Material for this exercise:

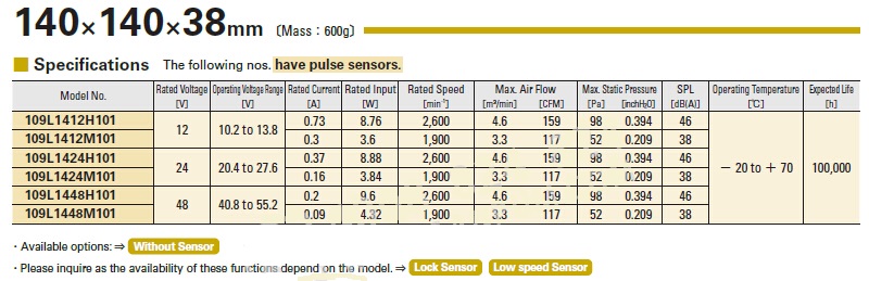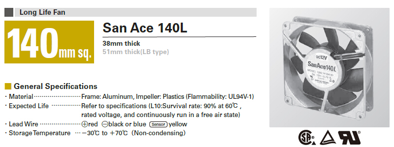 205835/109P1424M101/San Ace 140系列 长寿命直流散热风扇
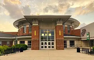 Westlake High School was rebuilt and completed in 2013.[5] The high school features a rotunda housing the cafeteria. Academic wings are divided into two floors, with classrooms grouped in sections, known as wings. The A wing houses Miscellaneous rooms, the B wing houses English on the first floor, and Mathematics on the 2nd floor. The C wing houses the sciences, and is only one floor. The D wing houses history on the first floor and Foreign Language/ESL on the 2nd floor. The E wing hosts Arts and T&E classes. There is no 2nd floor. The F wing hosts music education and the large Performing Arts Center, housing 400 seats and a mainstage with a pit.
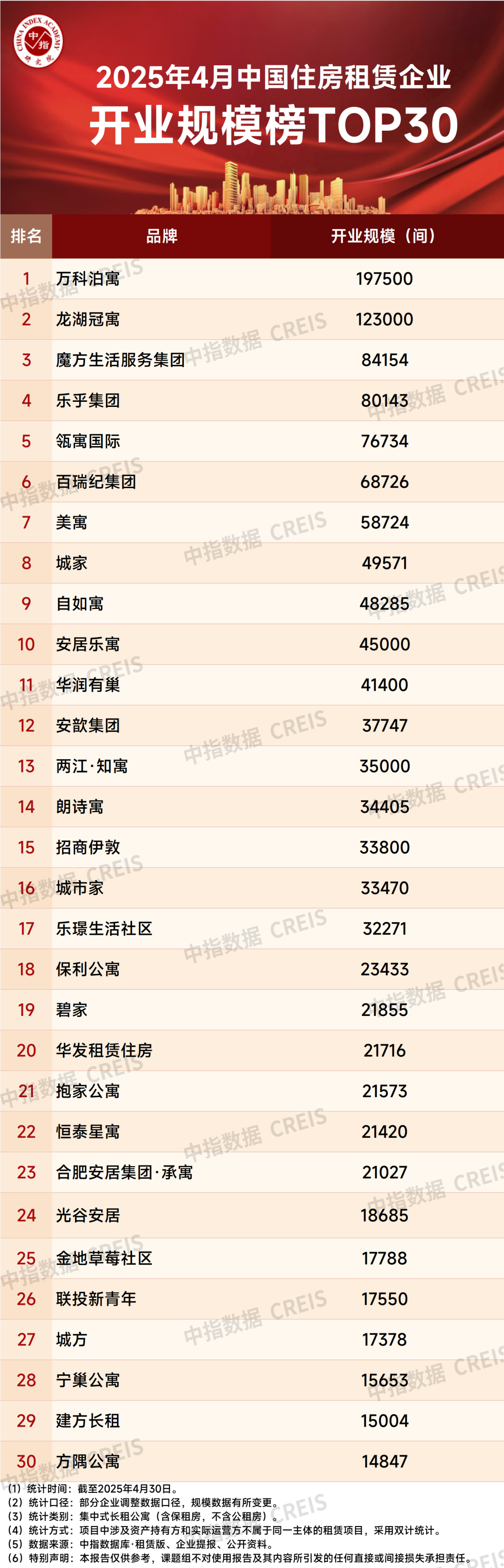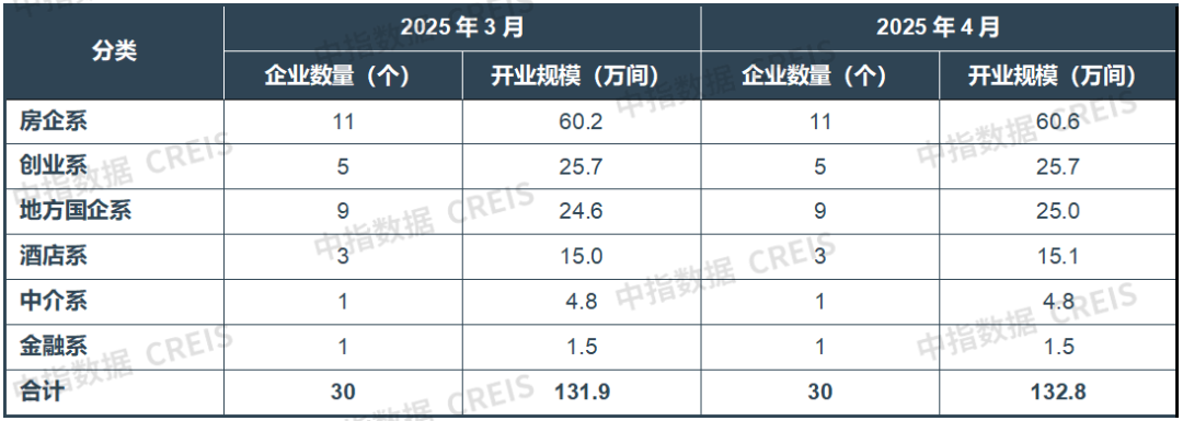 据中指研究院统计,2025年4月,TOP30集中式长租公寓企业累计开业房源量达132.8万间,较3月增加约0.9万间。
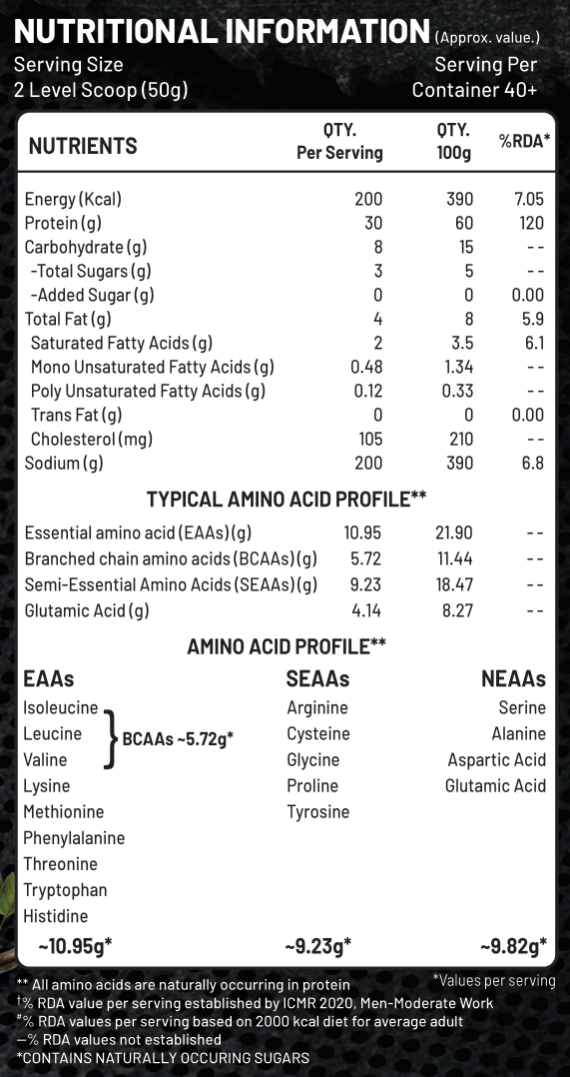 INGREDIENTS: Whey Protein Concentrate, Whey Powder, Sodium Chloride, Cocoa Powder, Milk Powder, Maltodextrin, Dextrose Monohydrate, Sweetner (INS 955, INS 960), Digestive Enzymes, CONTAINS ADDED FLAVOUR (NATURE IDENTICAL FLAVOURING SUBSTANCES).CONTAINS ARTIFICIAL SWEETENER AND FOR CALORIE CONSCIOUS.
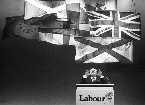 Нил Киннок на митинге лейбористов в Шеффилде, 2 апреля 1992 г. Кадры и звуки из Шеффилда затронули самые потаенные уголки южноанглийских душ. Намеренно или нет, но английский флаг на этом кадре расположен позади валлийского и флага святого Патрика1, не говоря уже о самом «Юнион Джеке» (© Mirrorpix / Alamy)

What is needed: Once the pictures are removed, output the remaining material exactly.

Answer to this exercise:
 205835/109P1424M101/San Ace 140系列 长寿命直流散热风扇
 Westlake High School was rebuilt and completed in 2013.[5] The high school features a rotunda housing the cafeteria. Academic wings are divided into two floors, with classrooms grouped in sections, known as wings. The A wing houses Miscellaneous rooms, the B wing houses English on the first floor, and Mathematics on the 2nd floor. The C wing houses the sciences, and is only one floor. The D wing houses history on the first floor and Foreign Language/ESL on the 2nd floor. The E wing hosts Arts and T&E classes. There is no 2nd floor. The F wing hosts music education and the large Performing Arts Center, housing 400 seats and a mainstage with a pit.
 据中指研究院统计,2025年4月,TOP30集中式长租公寓企业累计开业房源量达132.8万间,较3月增加约0.9万间。
 INGREDIENTS: Whey Protein Concentrate, Whey Powder, Sodium Chloride, Cocoa Powder, Milk Powder, Maltodextrin, Dextrose Monohydrate, Sweetner (INS 955, INS 960), Digestive Enzymes, CONTAINS ADDED FLAVOUR (NATURE IDENTICAL FLAVOURING SUBSTANCES).CONTAINS ARTIFICIAL SWEETENER AND FOR CALORIE CONSCIOUS.
 Нил Киннок на митинге лейбористов в Шеффилде, 2 апреля 1992 г. Кадры и звуки из Шеффилда затронули самые потаенные уголки южноанглийских душ. Намеренно или нет, но английский флаг на этом кадре расположен позади валлийского и флага святого Патрика1, не говоря уже о самом «Юнион Джеке» (© Mirrorpix / Alamy)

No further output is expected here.